Introduction to Digital Certificates
Digital certificates are the cornerstone of the modern e-commerce and secure internet communications in general. A digital certificate is a means to establish trust, one way or mutual, between two parties before a transaction can take place between the two. The contents and integrity of the transaction are protected by the digital certificate from evesdroppers, who may desire to use it for self-gains or tamper with it, without such protection. A digital certificate proves the ownership of a “Cryptographic Key”. Let’s look at this in a bit more detail.
Need for Security in Communications
The need to secure communications between two people, say, Alice and Bob, separated by an untrusted communication medium is perhaps as old as the history of human civilization. Why communicate? Because that is what we do. Maybe Alice wants Bob to bring eggs home on the way back from work, for tomorrow’s breakfast.
What is the communication medium in between? A horse rider, a note carrying pigeon, a smoke signal, postal mail or in the modern era, a phone call, text message or email.
Why is the communication medium untrusted? Because Alice and Bob’s arch nemesis Eve, can’t see them happy and wants to tamper with the message to have Bob bring home milk instead, which they got plenty of, and will make Alice very unhappy if he brings it again.
The need for security in communication is evident in not just relationships as above, but also in business dealings, financial or non-financial transactions or simply for privacy. In the era of computers, there are a few ways in which to secure digital communications. The security technique needs to protect the message contents, that it has not been read by the middleman, called Encryption. It needs to protect the message health, that it has not tampered with to make it useless, called Integrity. Finally, the message needs to be decodable by the receiver to retrieve the actual contents, called Decryption. The multitude of techniques used to secure digital communication constitutes the science of Cryptography. Broadly, these techniques could be divided into two categories:
Symmetric-key Cryptography: These are cryptographic algorithms that use the same cryptographic key for both encryption and decryption of the message. The problem with this method is that the Key needs to be a shared secret between the parties before communicating over the untrusted medium, which could be a challenge. Examples of symmetric-key cryptography include DES, Blowfish, AES.

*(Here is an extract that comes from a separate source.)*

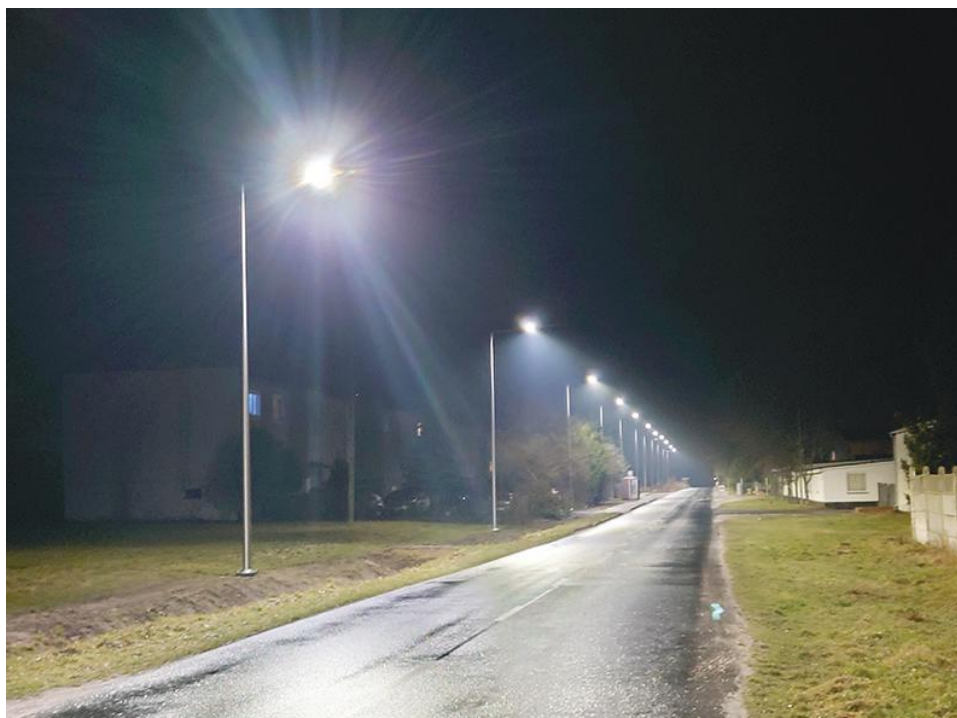
Osiek z nowym oświetleniem ulicznym

Obecnie w Gminie Kościan mamy około 1000 opraw typu LED wkomponowanych w oświetlenie naszych ulic i dróg, a do wymiany pozostaje jeszcze ok. 700 opraw starego typu, będącego własnością spółki ENEA Oświetlenie. (md)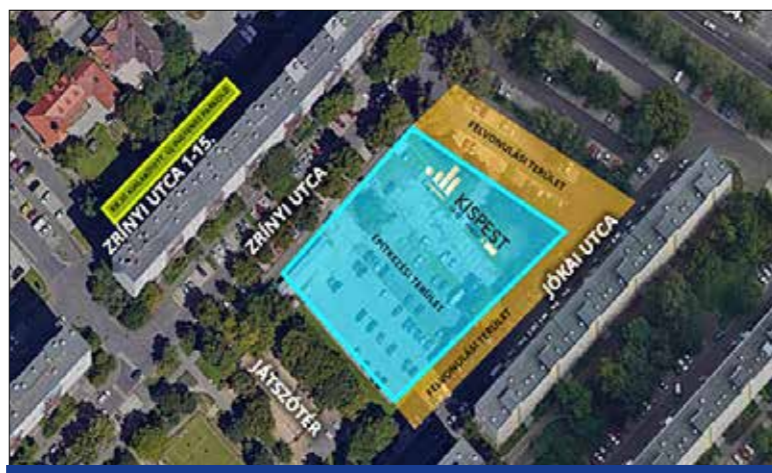
Ingyenes parkolók lesznek

A szakirodától kapott információk szerint a Zrínyi utcai projekt beruházójának szakembereivel folytatott közös előkészítés és egyeztetés eredményeként a tervek alapján két ütemben 71 új, ingyenes parkolóhely létesül.

Asymmetric-key Cryptography: These are cryptographic algorithms that use different cryptographic keys for encryption and decryption of the message. The advantage of this method is that the sender and receiver have different keys for the communication and no shared-secret mechanism is needed prior to communication. This kind of cryptography is also known as “Public-key Cryptography”. Examples of asymmetric-key cryptography include RSA, DSA.
In public-key cryptography, the sender and receiver have different keys for the communication. Together the two are known as a cryptographic key pair. A message is encrypted with public-key before transmission. The encrypted message is jibberish to the middleman and extremely difficult to decode. The only way to decrypt the message is with the associated private-key in the cryptographic pair.
In a physical world analogy, it would be almost magic if you could lock a lock with one physical key but to unlock it, have to use a second key, that has no resemblance to the first key. What asymmetric-key cryptography does through public-key / private-key pair is not less than magic. It is a simple enough mathematical process. How it does it is transparent enough to an observer. But how to undo what it does is a diabolical task for the middleman without the knowledge of the private-key. It can easily take over a lifetime to brute force a key of decent size.
A key is just a very long string of mathematical numbers. One key is aptly called the Public-Key, while the other is known as the Private-key. Together, the public-key and private-key are used to secure communications and belongs to a single owner, a sender or a receiver. The owner is allowed to freely distribute the public-key while keeping the private-key very private. For communication in reverse direction, from original receiver to sender, another key-pair is generated by the original receiver. Again, only the public-key is made public. For bi-directional communications, there are two public-keys known to the world and two private-keys known only to their respective owners. The figure below shows one-directional communications – from Alice to Bob.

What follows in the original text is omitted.